Among the entries below, which lines run from the line with "根據(jù)人力資源和社會(huì)保障" through the line with "フィリピン気象庁の14日午前"? Retype those, both ends included, exactly and without pictures.

Supplied material:
>>>>
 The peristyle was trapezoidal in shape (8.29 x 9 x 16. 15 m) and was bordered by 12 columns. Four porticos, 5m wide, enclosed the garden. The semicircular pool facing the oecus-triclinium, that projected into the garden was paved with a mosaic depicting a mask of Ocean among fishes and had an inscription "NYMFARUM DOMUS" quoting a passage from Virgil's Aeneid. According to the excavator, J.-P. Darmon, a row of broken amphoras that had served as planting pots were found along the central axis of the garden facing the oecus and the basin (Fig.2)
<<<<
>>>>
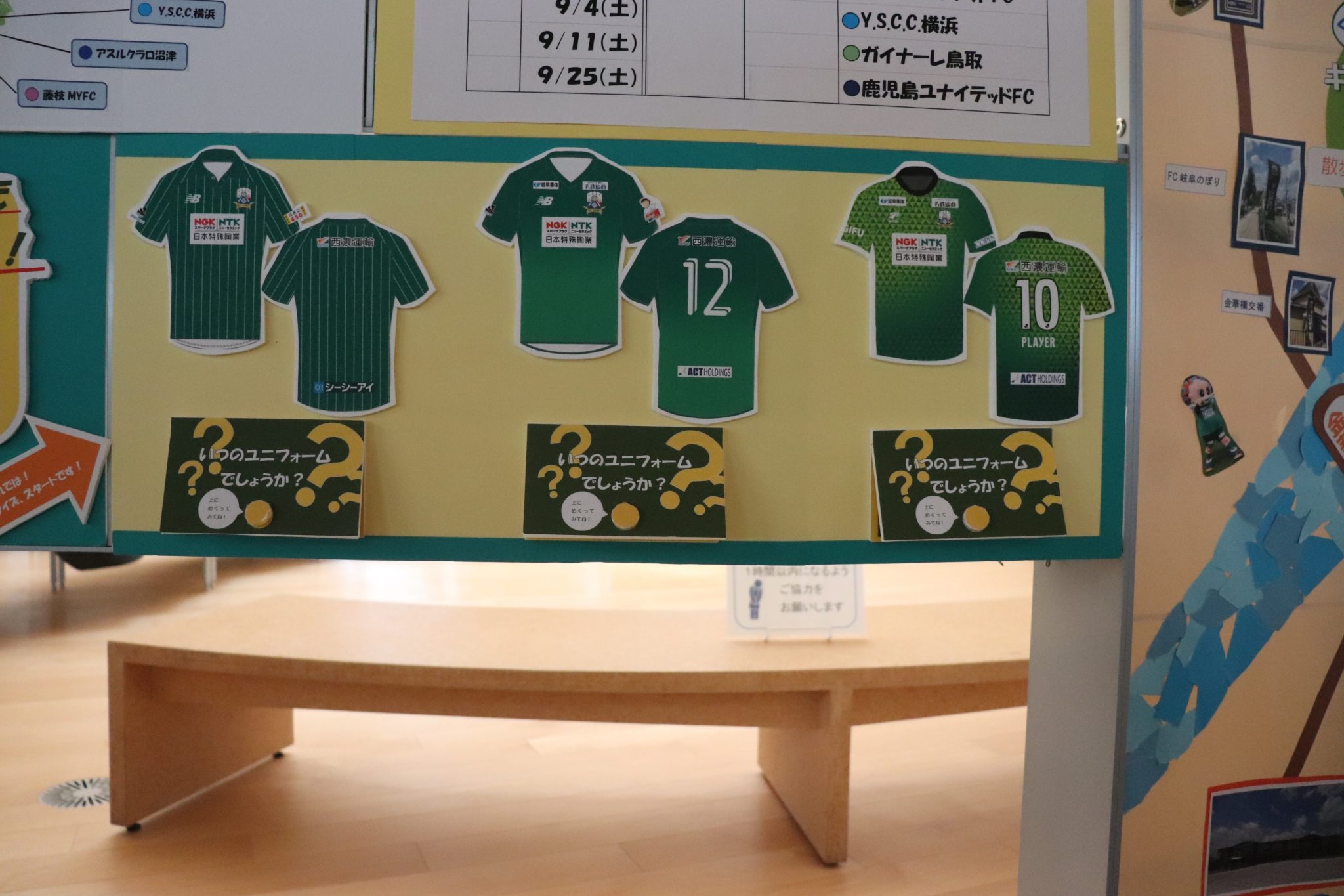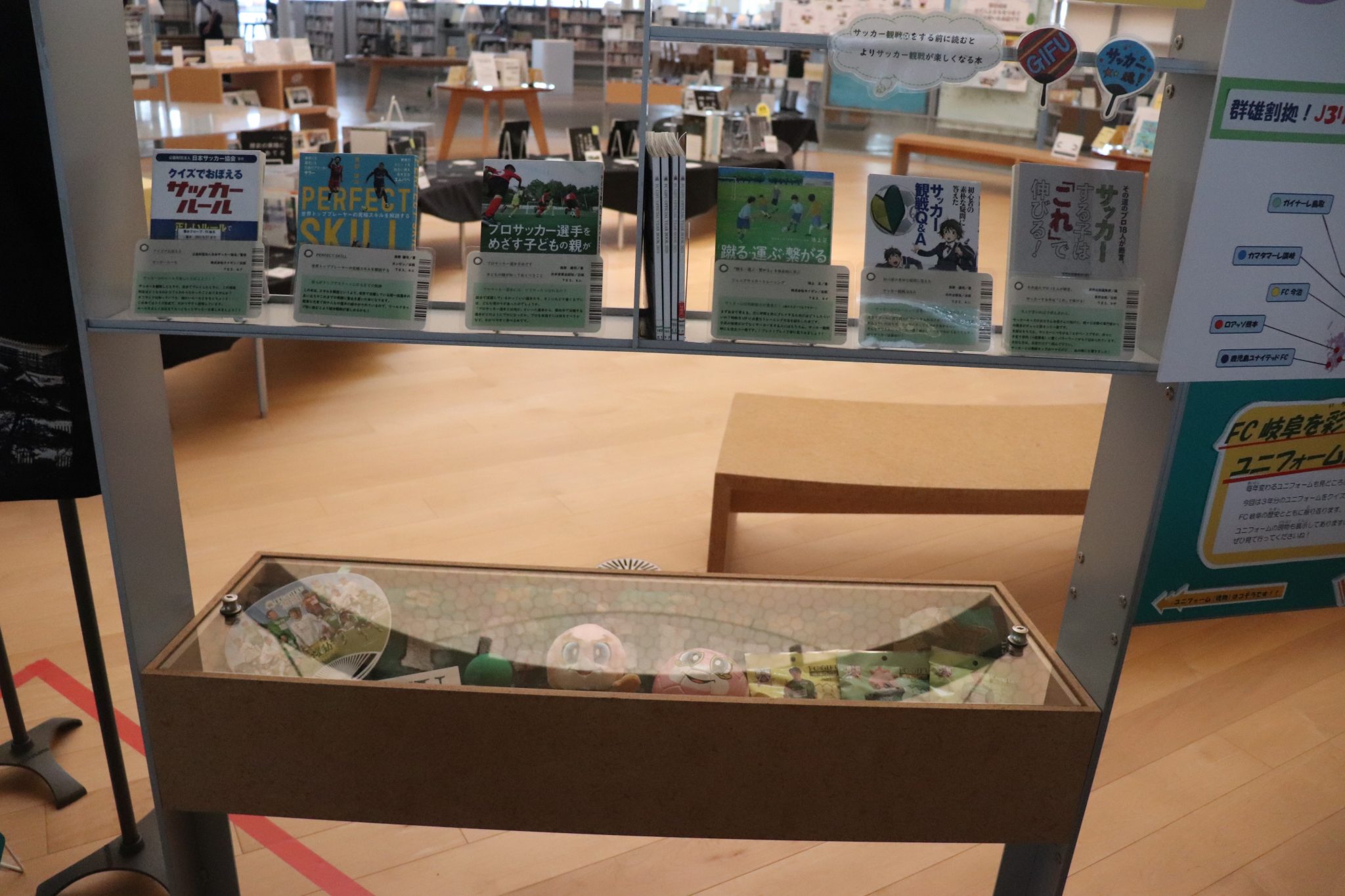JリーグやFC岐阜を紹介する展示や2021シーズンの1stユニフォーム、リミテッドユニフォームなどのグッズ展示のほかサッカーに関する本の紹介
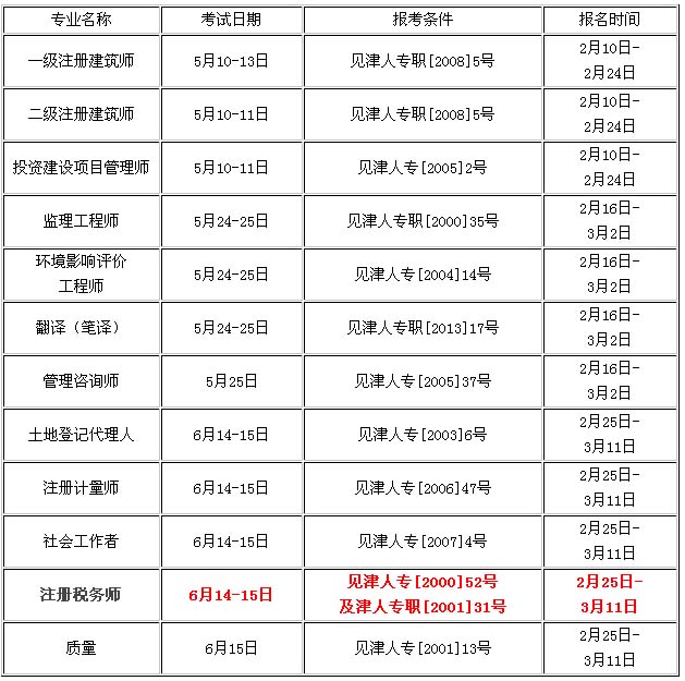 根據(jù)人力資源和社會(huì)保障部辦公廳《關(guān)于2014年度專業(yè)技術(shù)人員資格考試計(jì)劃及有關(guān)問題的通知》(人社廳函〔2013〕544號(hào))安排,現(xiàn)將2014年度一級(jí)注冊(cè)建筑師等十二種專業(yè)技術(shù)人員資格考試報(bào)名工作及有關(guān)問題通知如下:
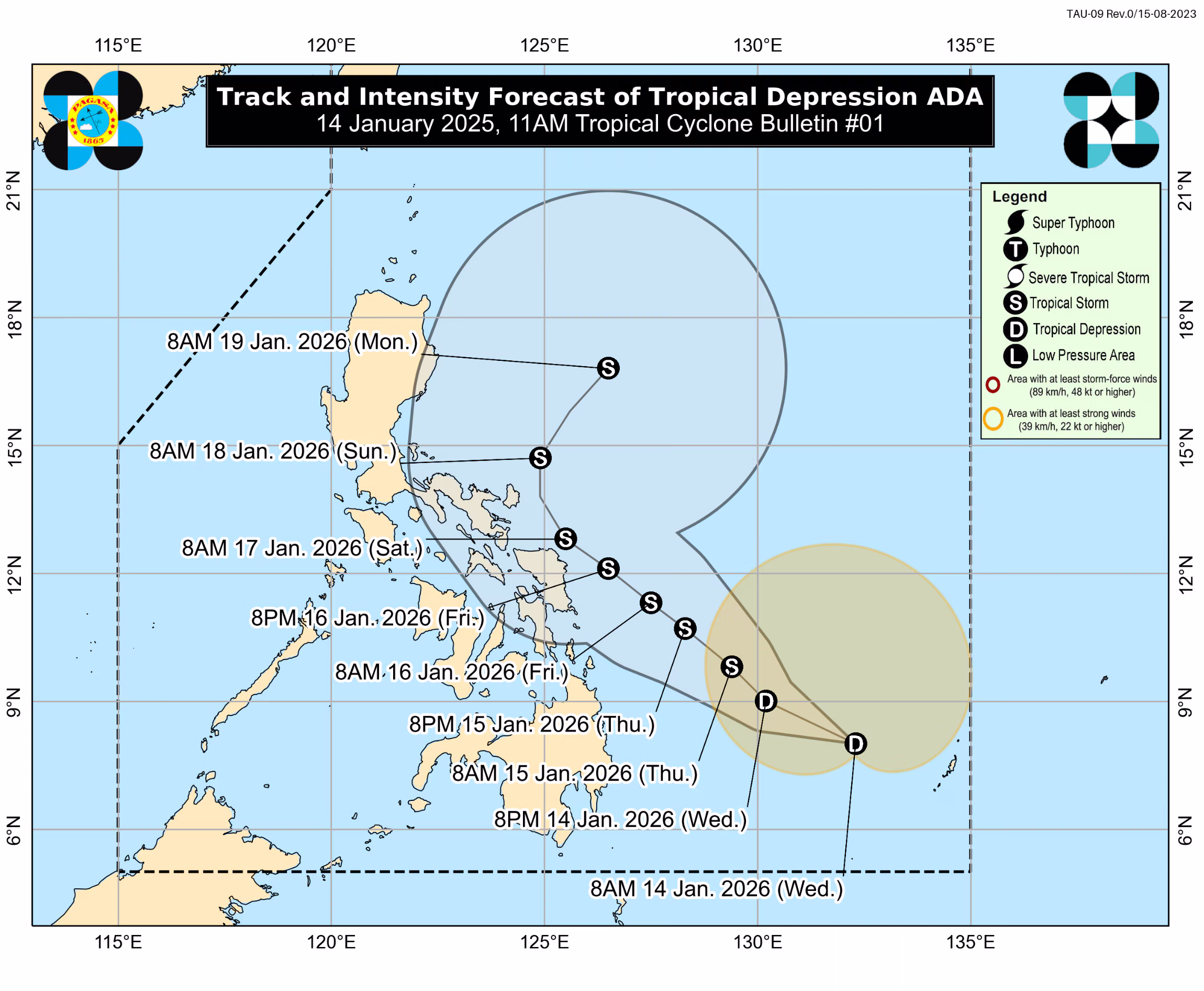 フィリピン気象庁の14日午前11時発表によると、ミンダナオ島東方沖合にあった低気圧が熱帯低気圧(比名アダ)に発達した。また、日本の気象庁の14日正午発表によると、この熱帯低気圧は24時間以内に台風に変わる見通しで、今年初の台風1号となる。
<<<<
Result for this exercise:
 根據(jù)人力資源和社會(huì)保障部辦公廳《關(guān)于2014年度專業(yè)技術(shù)人員資格考試計(jì)劃及有關(guān)問題的通知》(人社廳函〔2013〕544號(hào))安排,現(xiàn)將2014年度一級(jí)注冊(cè)建筑師等十二種專業(yè)技術(shù)人員資格考試報(bào)名工作及有關(guān)問題通知如下:
 フィリピン気象庁の14日午前11時発表によると、ミンダナオ島東方沖合にあった低気圧が熱帯低気圧(比名アダ)に発達した。また、日本の気象庁の14日正午発表によると、この熱帯低気圧は24時間以内に台風に変わる見通しで、今年初の台風1号となる。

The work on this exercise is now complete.